In the past few articles I’ve been covering the issues around moving your database from on-premise servers to the cloud. And there are definitely a lot of issues to be concerned about. In my last article I dug into the areas of latency and security but there are a host of other issues to be concerned about as well including the type of cloud implementation (IaaS, PaaS DBaaS), performance, geographical ownership of data and the last mile problem. While its clear that the cloud is certainly becoming more popular it’s also clearly not an inevitable path for everyone. Even so you shouldn’t necessarily seal the cloud off in a box and forget it for the next five years. Cloud technologies have evolved quickly and there are places where the cloud can be a benefit – even to IDBAs and IT Pros who have no intension of moving to the cloud. In this article I’ll tackle the cloud database issue from another angle. Where does using the cloud make sense? There are a few places where the cloud makes sense: disaster recovery (DR), availability, new infrastructure. Let’s take a closer look at each.

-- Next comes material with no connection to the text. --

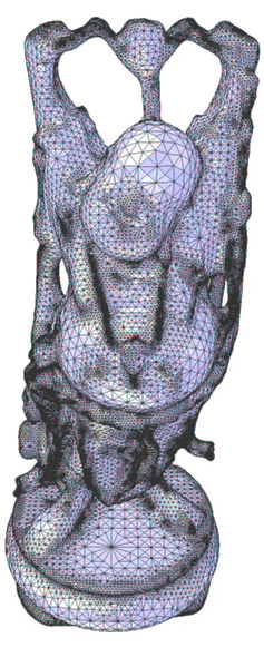 Animations of thin shells with non-flat rest angles (with Robert Bridson). The hollow Buddha on the left uses a weak bending model
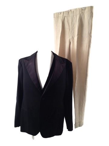 Magic in the Moonlight (2014) is a romantic comedy about an Englishman brought in to help unmask a possible swindle. Personal and professional complications ensue. Written and directed by Woody Allen. This is Howard Burkan's (Simon McBurney) screen worn "Chris Kerr" black tuxedo jacket, black vest with a 3 button front and silk back, pair of "Cosprop" cream pants with rough texture and two white half -vests.

Off-site backups are an obvious area where the cloud can be a practical alternative to traditional off-site solutions. For regulatory and disaster recovery purposes most businesses need to maintain an offsite backup. These backups are often still in tape format. Maintaining an offsite storage service is an expense and there isn’t immediate access to the media. Plus, there is a high rate of failure when performing restores from tape. Moving your offsite backups to the cloud can address these issues. The cloud is immediately available plus the digital backup is more reliable. Of course since connection latency is more of an issue with the cloud than it is with on-premise infrastructure one important consideration for cloud-based backups is the time to backup and to restore. The backup time isn’t so much of an issue because that can be staged. Cloud restores can be speed up by utilizing network and data compression or low latency connections like ExpressRoute.
DR and HA
One of the places where the cloud makes the most sense is in the area of disaster recovery. The cloud can be a practical and cost effective alternative to a physical disaster recovery site. Establishing and maintaining a physical DR site can be a very expensive undertaking leaving it out of reach for many smaller and medium sized organizations. The cloud can be an affordable alternative for many of these organizations. Various types of technologies like Hyper-V Replica, VMware Replication and various third party products can replicate your on-premise virtual machines to cloud-based IaaS VMs. This enables you to have near-real time VM replicas in the cloud that can be enabled very rapidly in the event of a disaster. This type of solution leverages cloud storage and provides a disaster recovery solution that your normal day-to-day operations do not depend on. The cloud is utilized for off-site storage and possibly a temporary operations center if your on-premise data center fails.
Another closely related area is application availability. Technologies like SQL Server’s AlwaysOn Availability Groups can protect your on-premise of even cloud databases by using cloud-based VMs as asynchronous secondary replicas. For instance, you could setup a SQL Server AlwaysOn Availability Group that had synchronous on-premise secondary replicas that provided automatic failover and high availability and at the same time have asynchronous secondary replicas in Azure. If there was a site failure or a problem with the synchronous replica then the asynchronous replicas in Azure can be manually failed over to over with little to no data loss.
Another area where the cloud makes sense is for startups or other smaller businesses that are in need of an infrastructure update. For businesses where there’s no existing infrastructure or businesses that have aging infrastructure that needs to be replaced buying all new on-premise infrastructure can be a significant expense. Taking advantage of cloud technologies can enable business to get up and running without needing to capitalize a lot of their equipment costs.
Cloud technology still isn’t for everyone – perhaps especially not for DBAs and database professions -- but there are still areas where it makes sense to leverage cloud technologies.